Son birkaç günde başıma gelen olaylar çerçevesinde bu sayfaya herşeyi boşaltarak bir rahatlamak istedim.
muhattabım bu sayfa, kimseye bir mesajım yok.

"Olur" deyip de oldurmaya bile çalışmayan insanlar var ya, beni anlayışlı sanıyorlar ya...
Hepsi kanaatten kalacak.

Herşeyden şikayet edip, hayatlarını değiştirmeyen kişiler beni kızdırıyorlar. Oturduğum yerde şikayet ettiğim anlarda en çok kendime sinir oluyorum.

Konuşurken çevreme bakıp, hmm diye cevap veriyorsam, evet beni az önce bu diyalog içersinde kaybettin, gerçekten seni dinlemiyorum.

Evet günde en az yarım saat yalnız kalmaya ihtiyacım var. O sürede git bi dolan, gel.
Seni yine aynı derecede seviyorum.

Tanımadığım kişiler de olsa yanımda insanların cinsel ve dinsel tercihleri konusunda dalga geçersen, kızmam, tartışmam ama yanından uzağa giderim.

Kızarım, nadir de olsa küserim, hissettiğimi de söylerim.
ilgilenmiyorum demişsem gerçekten ilgilenmiyorumdur, altında bişey arama.

Karşımdaki deli olmadıkça insanlardan korkmuyorum,
(bakınız aksiyon almak) görüşmem, biter.

sonuçta çıkarılacak ders:
ben de insanım.

Tuvalete gittiğimde o dakikaları dünya sorunlarına çözüm arayarak geçirmiyorum.
sonuçta benim de ifa ettiğim tek birşey var.

neys...
sürç-i lisan ettiysek affola.
yarın yine saygıdeğer olurum.
ama şu an için......
oh be...


ben o sigarayı hakettim.
sonrasında ortadoğu sorununa çözüm arayacağım.

bitti...

20 Mayıs 2010 Perşembe

Tasavvuf felsefesini bilmeden, kitaptan pek hazetmeden, Şems ve Mevlana'nın aşkına "onlar gay'miş ya" diye bakan insanların aşkı değil benim aşkım.
Ne de olsa aşk dediğin; dokunmadır, öpüşmedir, çarşafları buruş buruş etmektir çoğunluk için.
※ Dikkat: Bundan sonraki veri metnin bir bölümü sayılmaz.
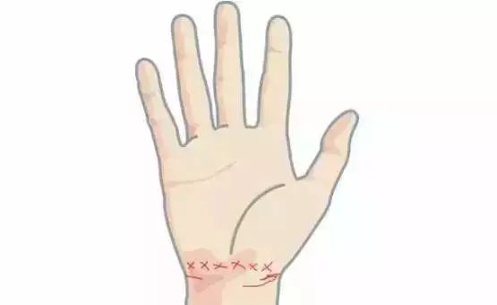 由上而下在手腕线第一条中间出现十字纹(乃财库)的人,当手腕线出现十字纹时,表示此人少年运坎坷,但中年以后运势转好,会经过自己的努力,积累财富,成为有钱人。晚年福禄双全,事事顺利,身体健康。建议在早年多注重经验以及人脉的积累,能成为成功道路之上的助力,晚年更是福禄双全。
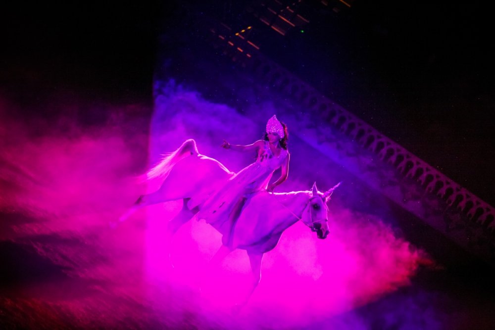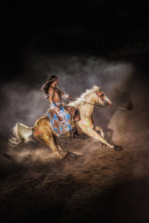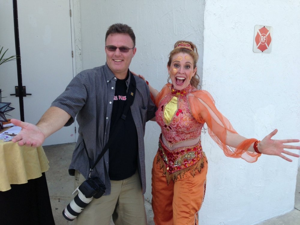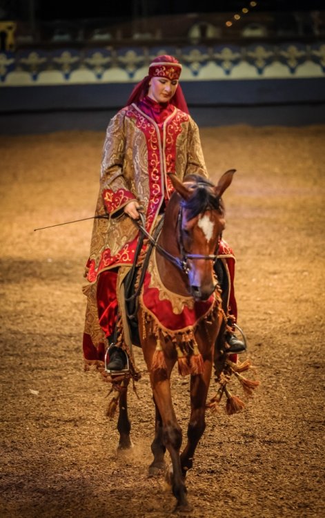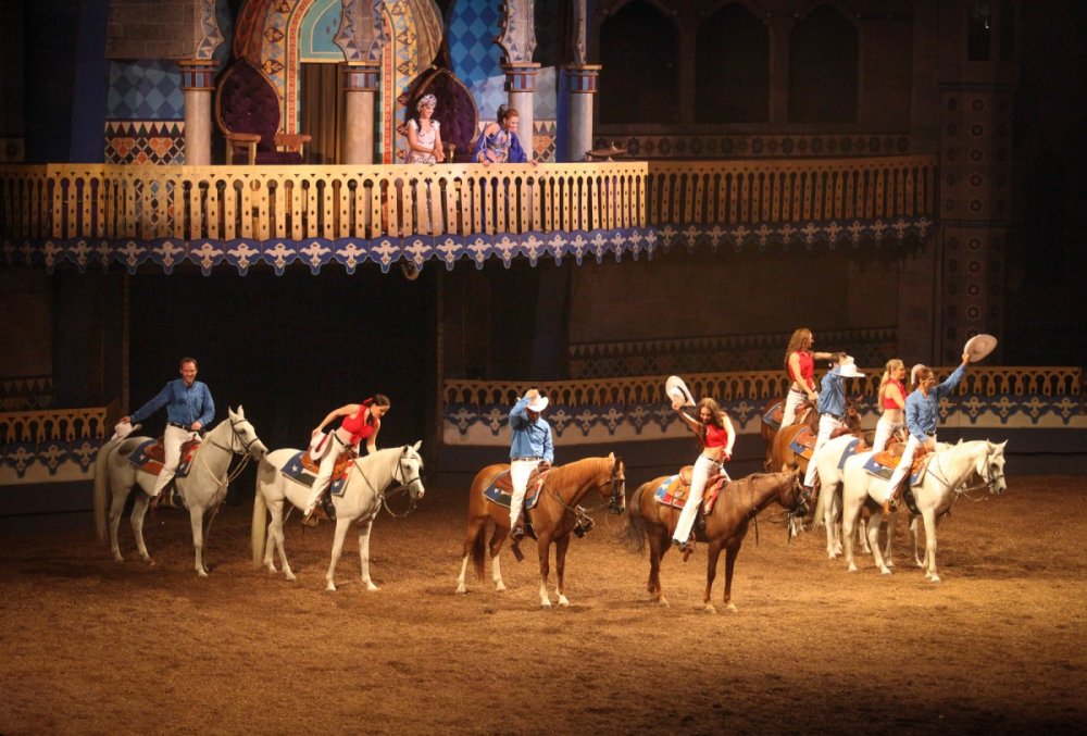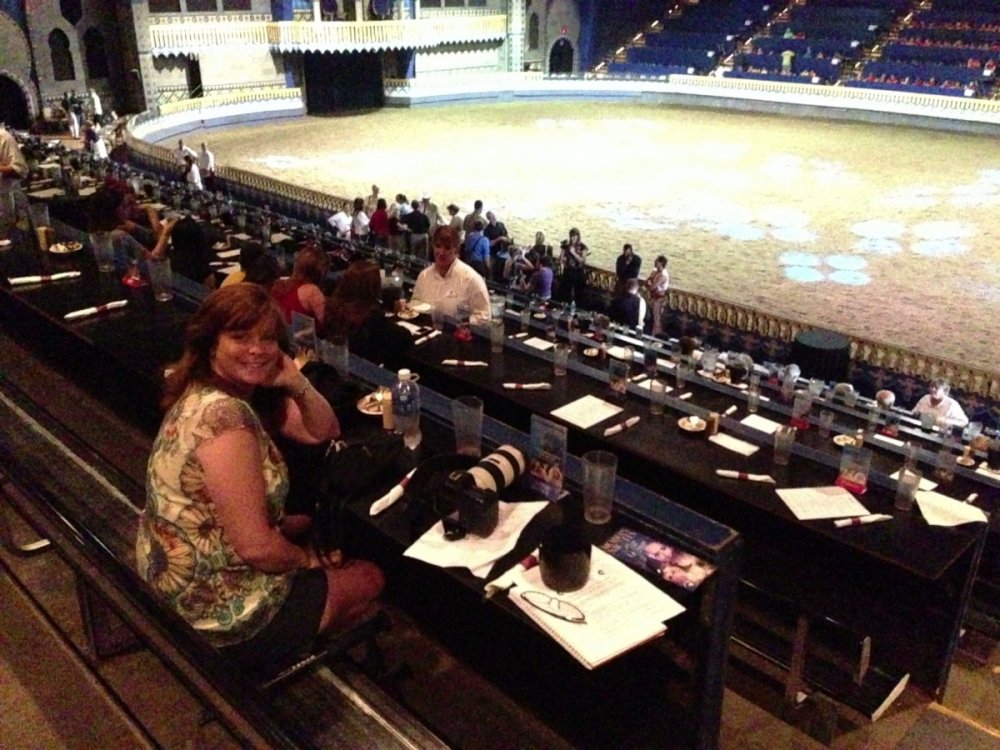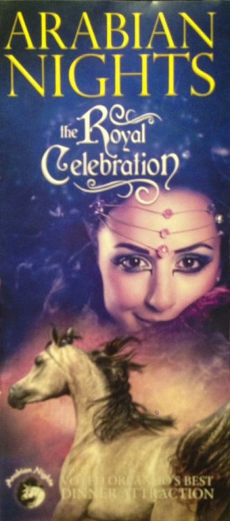 On Tuesday, Aug. 6, Jacqi and I went to the Arabian Nights Dinner Theater to catch the Media Preview of their newest show "The Royal Celebration". Arabian Nights is in Kissimmee, Florida - just minutes from the main Walt Disney World entrance. And to make the event even more special, this year Arabian Nights is celebrating their 25th Anniversary. I've lived in Orlando for over 25 years and I've never seen the show - so I was excited to finally experience it. This is the first new show in 14 years and owner/show writer, Mark Miller describes it as a "greatest hits" of some of their more popular performances wrapped up with a new story. The story involves an Arabian princess who is about to marry the prince of a neighboring kingdom. Their servants (or genies) present them dazzling horse performances as gifts to the soon-to-be wed royals. The horse acts include a Royal Mounted Guard, a Mexican Carnival Celebration, a Unicorn, Wild West Cowboys, Cowgirls and Indians, a Gypsy Circus, a Chariot Race and some silk acrobats - in other words, a little bit of everything. Shows include a full dinner and dessert - and there are a few pricing tiers, some of which include preferred seating and alcohol. It was a fun show and I'm glad I finally got to check it out. Here are some photos... We're in the right place. This is what we're here to see. The Genie Ali greeted everyone as we arrived. Here are our seats and a look at the whole stadium. The performance we attended was an afternoon matinee. Getting ready for the show. Yep, there was a unicorn here. The Gypsy Circus segment had a lot of acrobat elements to it. The performers were very good. And finally, the lone Native American. His segment was very powerful. He was the only one on stage - at times charging across the stadium at full speed.

"Aşık oldum" cümlesini çerez gibi yeriz, çitleriz, atarız sonra kabuğunu kenara.
Oysa ki ne naif birşeydir.
Anlayan için tek kaşın kalkışında, farkında olmadan gözünü dikip bakmada, "of ya yanlış birşey söylemedim umarım şimdi, rezil olmadım di mi" endişesinin içindedir.

Çok sessiz olduğunda, bir köşede otururken, insanları gözlemleme şansın olur. Işık başkasının üzerinde olduğunda senin keskin kenarlarını aydınlatmaz ve çok yumuşak görünürsün ya. Oysa o vakitler karşındakini okursun, öğrenirsin. Sessiz zamanlarda dengeleri kurarsın ya.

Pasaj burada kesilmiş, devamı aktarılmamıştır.